*Task instructions*:
Restate all of the entries exactly, dropping any pictures they hold.
____ Data records
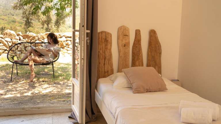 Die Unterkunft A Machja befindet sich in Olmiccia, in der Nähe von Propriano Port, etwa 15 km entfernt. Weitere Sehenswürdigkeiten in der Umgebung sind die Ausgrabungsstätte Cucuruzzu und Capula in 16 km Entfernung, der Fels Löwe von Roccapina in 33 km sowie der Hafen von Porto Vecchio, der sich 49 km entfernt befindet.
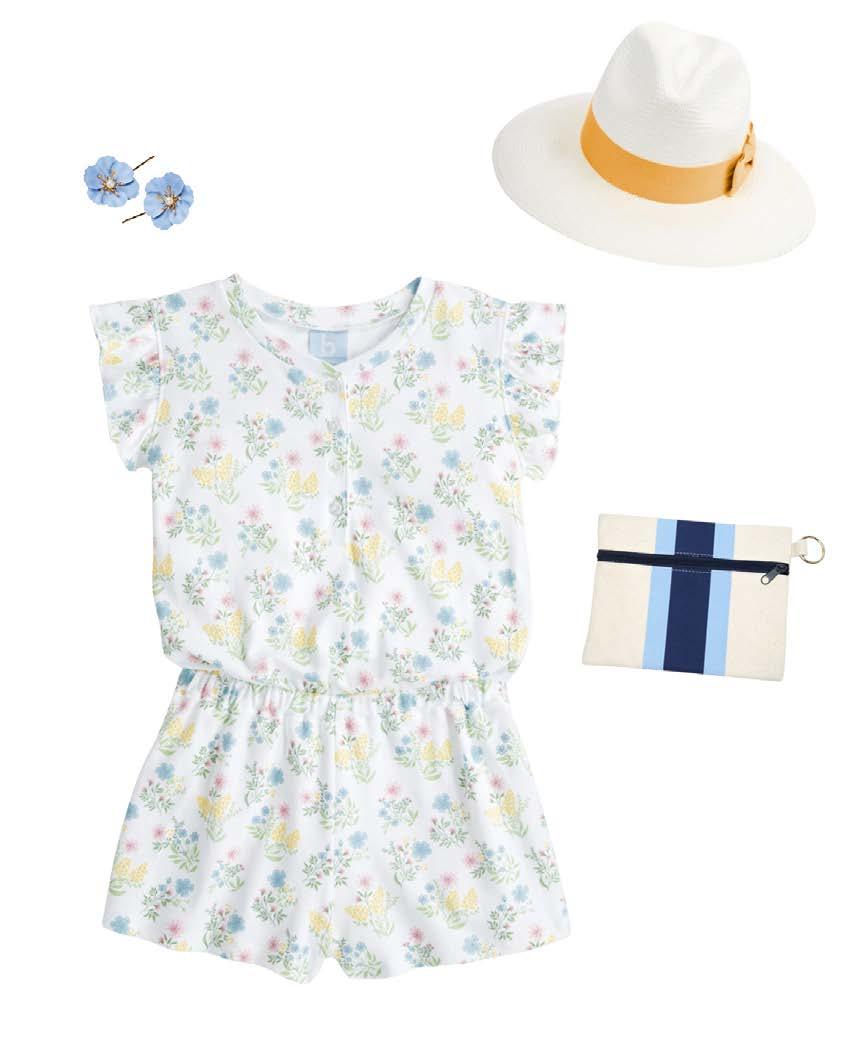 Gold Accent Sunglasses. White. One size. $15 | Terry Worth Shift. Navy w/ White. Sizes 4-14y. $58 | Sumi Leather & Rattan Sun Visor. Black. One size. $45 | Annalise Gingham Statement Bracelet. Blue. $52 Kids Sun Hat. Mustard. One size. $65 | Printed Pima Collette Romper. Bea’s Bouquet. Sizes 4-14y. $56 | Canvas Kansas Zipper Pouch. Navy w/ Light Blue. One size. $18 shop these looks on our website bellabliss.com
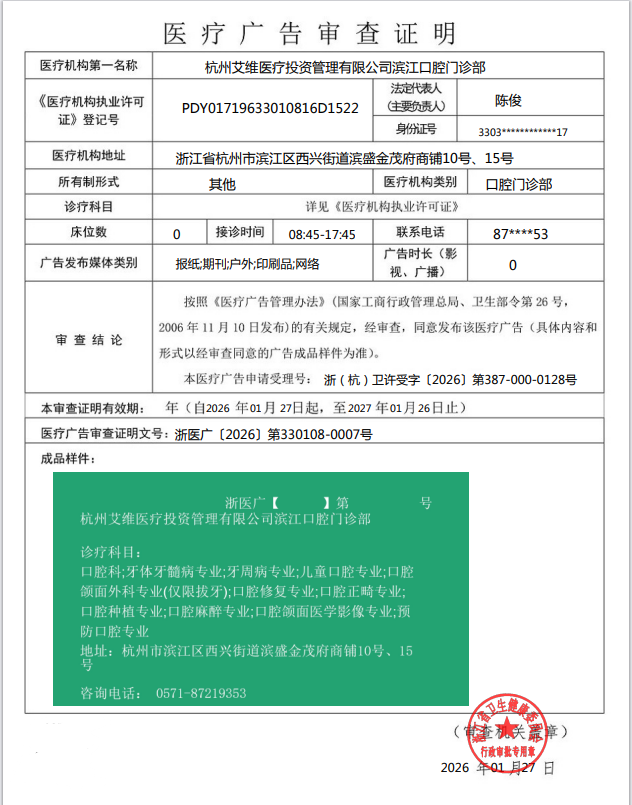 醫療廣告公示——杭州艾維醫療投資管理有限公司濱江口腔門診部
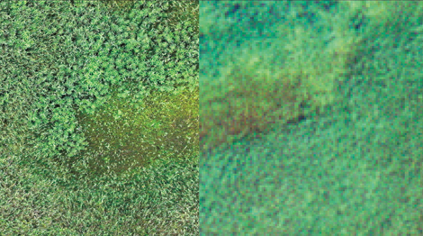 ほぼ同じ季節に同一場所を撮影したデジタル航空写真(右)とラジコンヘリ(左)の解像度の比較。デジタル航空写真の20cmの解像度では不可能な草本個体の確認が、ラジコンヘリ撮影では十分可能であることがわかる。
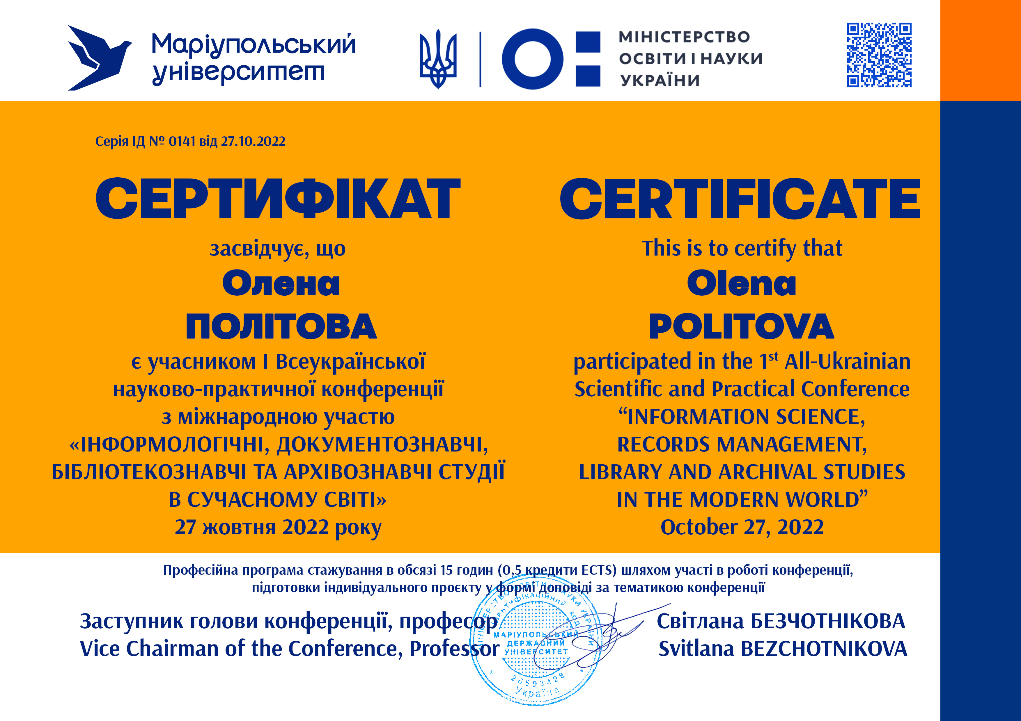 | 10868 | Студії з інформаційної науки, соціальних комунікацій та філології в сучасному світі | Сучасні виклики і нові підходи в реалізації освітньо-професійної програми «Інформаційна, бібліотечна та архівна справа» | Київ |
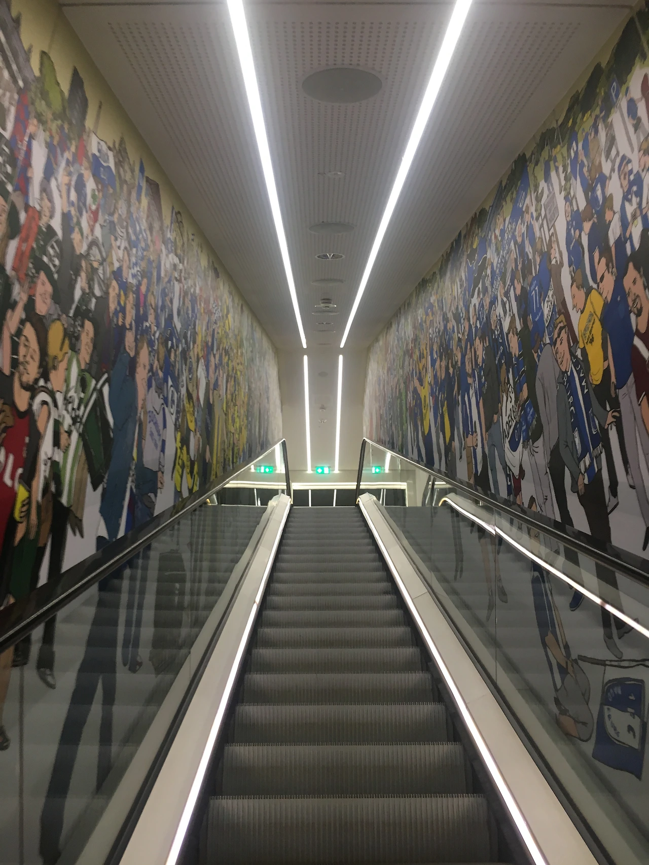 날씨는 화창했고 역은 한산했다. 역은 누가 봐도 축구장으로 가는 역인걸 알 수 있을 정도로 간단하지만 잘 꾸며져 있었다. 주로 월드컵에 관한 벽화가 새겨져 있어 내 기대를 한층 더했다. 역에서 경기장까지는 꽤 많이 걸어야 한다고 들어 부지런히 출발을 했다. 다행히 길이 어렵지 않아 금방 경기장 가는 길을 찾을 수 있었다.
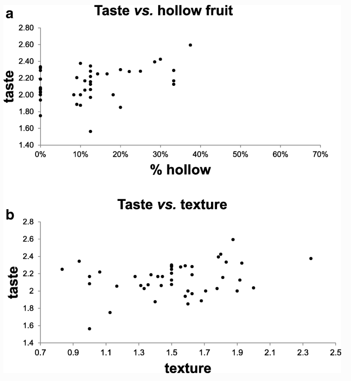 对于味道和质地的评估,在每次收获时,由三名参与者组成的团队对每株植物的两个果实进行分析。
________
*Solution to this exercise*:
 Die Unterkunft A Machja befindet sich in Olmiccia, in der Nähe von Propriano Port, etwa 15 km entfernt. Weitere Sehenswürdigkeiten in der Umgebung sind die Ausgrabungsstätte Cucuruzzu und Capula in 16 km Entfernung, der Fels Löwe von Roccapina in 33 km sowie der Hafen von Porto Vecchio, der sich 49 km entfernt befindet.
 Gold Accent Sunglasses. White. One size. $15 | Terry Worth Shift. Navy w/ White. Sizes 4-14y. $58 | Sumi Leather & Rattan Sun Visor. Black. One size. $45 | Annalise Gingham Statement Bracelet. Blue. $52 Kids Sun Hat. Mustard. One size. $65 | Printed Pima Collette Romper. Bea’s Bouquet. Sizes 4-14y. $56 | Canvas Kansas Zipper Pouch. Navy w/ Light Blue. One size. $18 shop these looks on our website bellabliss.com
 醫療廣告公示——杭州艾維醫療投資管理有限公司濱江口腔門診部
 ほぼ同じ季節に同一場所を撮影したデジタル航空写真(右)とラジコンヘリ(左)の解像度の比較。デジタル航空写真の20cmの解像度では不可能な草本個体の確認が、ラジコンヘリ撮影では十分可能であることがわかる。
 | 10868 | Студії з інформаційної науки, соціальних комунікацій та філології в сучасному світі | Сучасні виклики і нові підходи в реалізації освітньо-професійної програми «Інформаційна, бібліотечна та архівна справа» | Київ |
 날씨는 화창했고 역은 한산했다. 역은 누가 봐도 축구장으로 가는 역인걸 알 수 있을 정도로 간단하지만 잘 꾸며져 있었다. 주로 월드컵에 관한 벽화가 새겨져 있어 내 기대를 한층 더했다. 역에서 경기장까지는 꽤 많이 걸어야 한다고 들어 부지런히 출발을 했다. 다행히 길이 어렵지 않아 금방 경기장 가는 길을 찾을 수 있었다.
 对于味道和质地的评估,在每次收获时,由三名参与者组成的团队对每株植物的两个果实进行分析。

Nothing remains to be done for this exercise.